◆ Goal of the exercise ◆
Use the entries below and reproduce exactly the lines from the one containing "Grafsteen van Lex de Regt" down to the one containing "Entrepôt du port", both of them included.

───── Record excerpts ─────

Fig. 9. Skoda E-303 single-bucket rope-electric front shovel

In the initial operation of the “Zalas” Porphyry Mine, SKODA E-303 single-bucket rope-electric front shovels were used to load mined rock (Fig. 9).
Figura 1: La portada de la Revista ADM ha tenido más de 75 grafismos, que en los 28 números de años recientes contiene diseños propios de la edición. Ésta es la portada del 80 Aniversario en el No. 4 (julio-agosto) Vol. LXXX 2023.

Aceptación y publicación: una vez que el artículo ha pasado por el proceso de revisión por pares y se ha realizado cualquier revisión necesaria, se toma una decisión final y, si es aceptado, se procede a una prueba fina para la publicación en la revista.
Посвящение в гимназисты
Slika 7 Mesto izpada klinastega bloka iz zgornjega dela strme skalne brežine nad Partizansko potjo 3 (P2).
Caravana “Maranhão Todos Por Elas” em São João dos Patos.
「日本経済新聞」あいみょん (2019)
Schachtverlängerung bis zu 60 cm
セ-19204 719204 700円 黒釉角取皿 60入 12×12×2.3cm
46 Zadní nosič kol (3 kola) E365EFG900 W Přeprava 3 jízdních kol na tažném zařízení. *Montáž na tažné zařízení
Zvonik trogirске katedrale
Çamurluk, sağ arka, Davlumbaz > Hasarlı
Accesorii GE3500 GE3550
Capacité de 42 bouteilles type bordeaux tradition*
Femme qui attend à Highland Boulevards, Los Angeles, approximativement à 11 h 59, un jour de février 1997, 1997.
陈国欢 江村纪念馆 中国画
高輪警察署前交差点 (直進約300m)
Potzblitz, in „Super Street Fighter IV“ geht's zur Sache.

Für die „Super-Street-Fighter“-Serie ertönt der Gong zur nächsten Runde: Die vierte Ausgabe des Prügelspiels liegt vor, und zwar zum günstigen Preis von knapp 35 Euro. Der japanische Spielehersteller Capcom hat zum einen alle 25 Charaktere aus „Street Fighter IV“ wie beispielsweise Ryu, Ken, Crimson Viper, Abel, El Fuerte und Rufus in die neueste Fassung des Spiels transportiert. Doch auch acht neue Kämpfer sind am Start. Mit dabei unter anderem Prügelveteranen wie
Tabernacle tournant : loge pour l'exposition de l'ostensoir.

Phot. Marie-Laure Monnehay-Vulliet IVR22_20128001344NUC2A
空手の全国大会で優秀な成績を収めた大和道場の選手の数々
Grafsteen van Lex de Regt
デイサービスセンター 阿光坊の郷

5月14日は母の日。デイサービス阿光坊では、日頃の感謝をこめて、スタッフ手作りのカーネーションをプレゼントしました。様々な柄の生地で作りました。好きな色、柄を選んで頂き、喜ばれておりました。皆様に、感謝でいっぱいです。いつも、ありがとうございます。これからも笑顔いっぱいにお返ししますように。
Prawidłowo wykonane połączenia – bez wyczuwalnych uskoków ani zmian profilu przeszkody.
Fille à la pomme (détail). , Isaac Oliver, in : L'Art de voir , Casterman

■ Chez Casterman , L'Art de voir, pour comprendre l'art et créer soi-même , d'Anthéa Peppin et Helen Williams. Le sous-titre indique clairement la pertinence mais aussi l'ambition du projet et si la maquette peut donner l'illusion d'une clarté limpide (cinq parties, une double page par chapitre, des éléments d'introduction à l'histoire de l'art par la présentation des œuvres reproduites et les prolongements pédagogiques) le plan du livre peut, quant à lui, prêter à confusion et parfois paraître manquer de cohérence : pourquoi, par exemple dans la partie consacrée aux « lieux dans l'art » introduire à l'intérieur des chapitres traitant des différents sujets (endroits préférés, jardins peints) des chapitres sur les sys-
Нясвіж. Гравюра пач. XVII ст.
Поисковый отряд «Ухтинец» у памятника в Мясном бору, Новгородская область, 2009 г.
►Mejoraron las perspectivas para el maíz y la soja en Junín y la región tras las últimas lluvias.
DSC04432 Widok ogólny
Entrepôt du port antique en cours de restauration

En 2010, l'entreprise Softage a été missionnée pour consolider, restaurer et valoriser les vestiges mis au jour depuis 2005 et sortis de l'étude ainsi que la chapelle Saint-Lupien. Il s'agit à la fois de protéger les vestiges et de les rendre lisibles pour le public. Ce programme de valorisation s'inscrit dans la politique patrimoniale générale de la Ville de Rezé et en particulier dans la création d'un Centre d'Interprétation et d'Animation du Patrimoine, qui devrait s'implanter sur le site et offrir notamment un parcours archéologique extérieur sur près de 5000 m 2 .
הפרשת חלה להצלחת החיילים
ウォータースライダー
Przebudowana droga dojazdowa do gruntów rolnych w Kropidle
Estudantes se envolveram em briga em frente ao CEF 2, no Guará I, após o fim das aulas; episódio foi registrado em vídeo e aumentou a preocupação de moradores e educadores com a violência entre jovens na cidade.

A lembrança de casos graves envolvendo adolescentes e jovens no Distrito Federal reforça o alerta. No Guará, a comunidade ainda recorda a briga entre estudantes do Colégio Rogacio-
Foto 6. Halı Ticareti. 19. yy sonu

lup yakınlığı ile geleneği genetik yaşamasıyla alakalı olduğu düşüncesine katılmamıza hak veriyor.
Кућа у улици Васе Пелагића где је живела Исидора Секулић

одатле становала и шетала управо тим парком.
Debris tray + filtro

─────

◆ Response area ◆
Grafsteen van Lex de Regt
デイサービスセンター 阿光坊の郷

5月14日は母の日。デイサービス阿光坊では、日頃の感謝をこめて、スタッフ手作りのカーネーションをプレゼントしました。様々な柄の生地で作りました。好きな色、柄を選んで頂き、喜ばれておりました。皆様に、感謝でいっぱいです。いつも、ありがとうございます。これからも笑顔いっぱいにお返ししますように。
Prawidłowo wykonane połączenia – bez wyczuwalnych uskoków ani zmian profilu przeszkody.
Fille à la pomme (détail). , Isaac Oliver, in : L'Art de voir , Casterman

■ Chez Casterman , L'Art de voir, pour comprendre l'art et créer soi-même , d'Anthéa Peppin et Helen Williams. Le sous-titre indique clairement la pertinence mais aussi l'ambition du projet et si la maquette peut donner l'illusion d'une clarté limpide (cinq parties, une double page par chapitre, des éléments d'introduction à l'histoire de l'art par la présentation des œuvres reproduites et les prolongements pédagogiques) le plan du livre peut, quant à lui, prêter à confusion et parfois paraître manquer de cohérence : pourquoi, par exemple dans la partie consacrée aux « lieux dans l'art » introduire à l'intérieur des chapitres traitant des différents sujets (endroits préférés, jardins peints) des chapitres sur les sys-
Нясвіж. Гравюра пач. XVII ст.
Поисковый отряд «Ухтинец» у памятника в Мясном бору, Новгородская область, 2009 г.
►Mejoraron las perspectivas para el maíz y la soja en Junín y la región tras las últimas lluvias.
DSC04432 Widok ogólny
Entrepôt du port antique en cours de restauration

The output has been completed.